:: Directions ::
From the entries below, retype only the lines from the one with "Курилов Григорий Матвеевич" through the one with "A paixão pela", exactly as written.

:: Dataset content ::

────────────────

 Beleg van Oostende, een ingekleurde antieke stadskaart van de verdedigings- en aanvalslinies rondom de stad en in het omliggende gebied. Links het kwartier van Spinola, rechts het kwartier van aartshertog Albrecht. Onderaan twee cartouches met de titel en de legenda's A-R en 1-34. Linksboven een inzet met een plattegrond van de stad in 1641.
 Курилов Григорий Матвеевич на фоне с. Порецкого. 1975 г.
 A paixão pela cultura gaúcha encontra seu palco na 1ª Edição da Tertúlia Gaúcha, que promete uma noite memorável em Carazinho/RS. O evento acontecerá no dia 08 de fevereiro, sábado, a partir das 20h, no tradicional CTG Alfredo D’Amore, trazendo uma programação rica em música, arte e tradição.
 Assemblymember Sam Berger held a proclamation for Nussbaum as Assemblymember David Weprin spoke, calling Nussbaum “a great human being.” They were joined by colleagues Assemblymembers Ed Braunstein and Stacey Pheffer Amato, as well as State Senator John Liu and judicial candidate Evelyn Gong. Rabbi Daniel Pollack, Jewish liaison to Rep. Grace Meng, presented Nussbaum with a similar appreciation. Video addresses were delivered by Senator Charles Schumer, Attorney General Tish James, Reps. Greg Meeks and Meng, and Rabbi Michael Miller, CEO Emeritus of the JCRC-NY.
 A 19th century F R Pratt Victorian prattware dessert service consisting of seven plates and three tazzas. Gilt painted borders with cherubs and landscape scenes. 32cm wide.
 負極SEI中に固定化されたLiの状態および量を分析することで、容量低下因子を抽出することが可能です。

────────────────

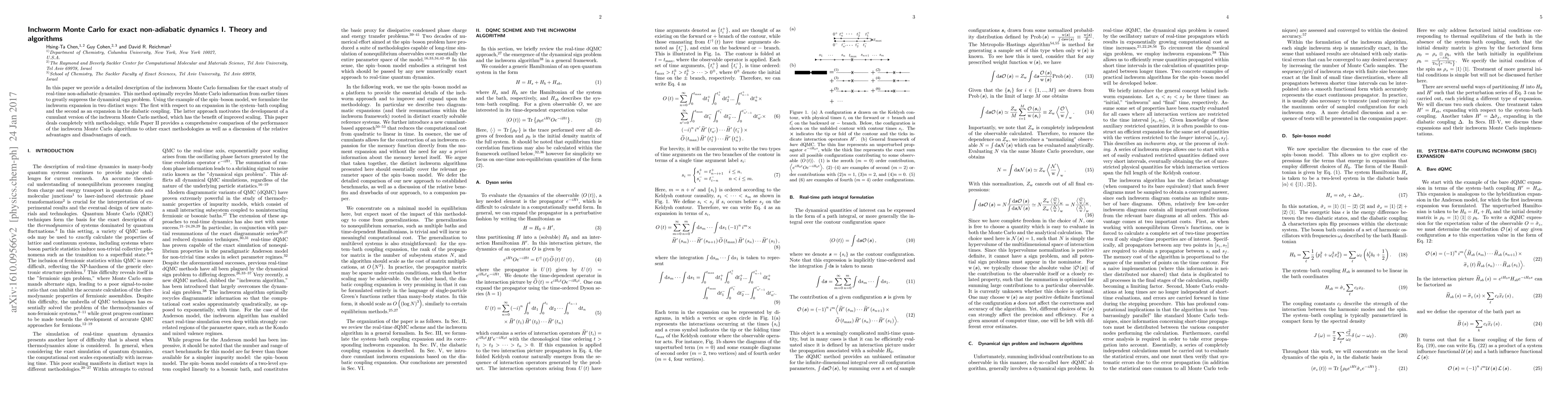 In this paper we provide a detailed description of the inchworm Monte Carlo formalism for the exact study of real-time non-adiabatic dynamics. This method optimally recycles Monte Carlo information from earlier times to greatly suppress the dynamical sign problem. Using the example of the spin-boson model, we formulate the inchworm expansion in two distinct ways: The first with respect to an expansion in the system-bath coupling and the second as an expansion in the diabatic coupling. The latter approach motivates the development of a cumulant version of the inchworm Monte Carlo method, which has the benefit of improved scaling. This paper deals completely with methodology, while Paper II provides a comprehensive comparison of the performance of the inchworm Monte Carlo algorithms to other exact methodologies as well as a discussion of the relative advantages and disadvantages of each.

────────────────

:: Output ::
 Курилов Григорий Матвеевич на фоне с. Порецкого. 1975 г.
 A paixão pela cultura gaúcha encontra seu palco na 1ª Edição da Tertúlia Gaúcha, que promete uma noite memorável em Carazinho/RS. O evento acontecerá no dia 08 de fevereiro, sábado, a partir das 20h, no tradicional CTG Alfredo D’Amore, trazendo uma programação rica em música, arte e tradição.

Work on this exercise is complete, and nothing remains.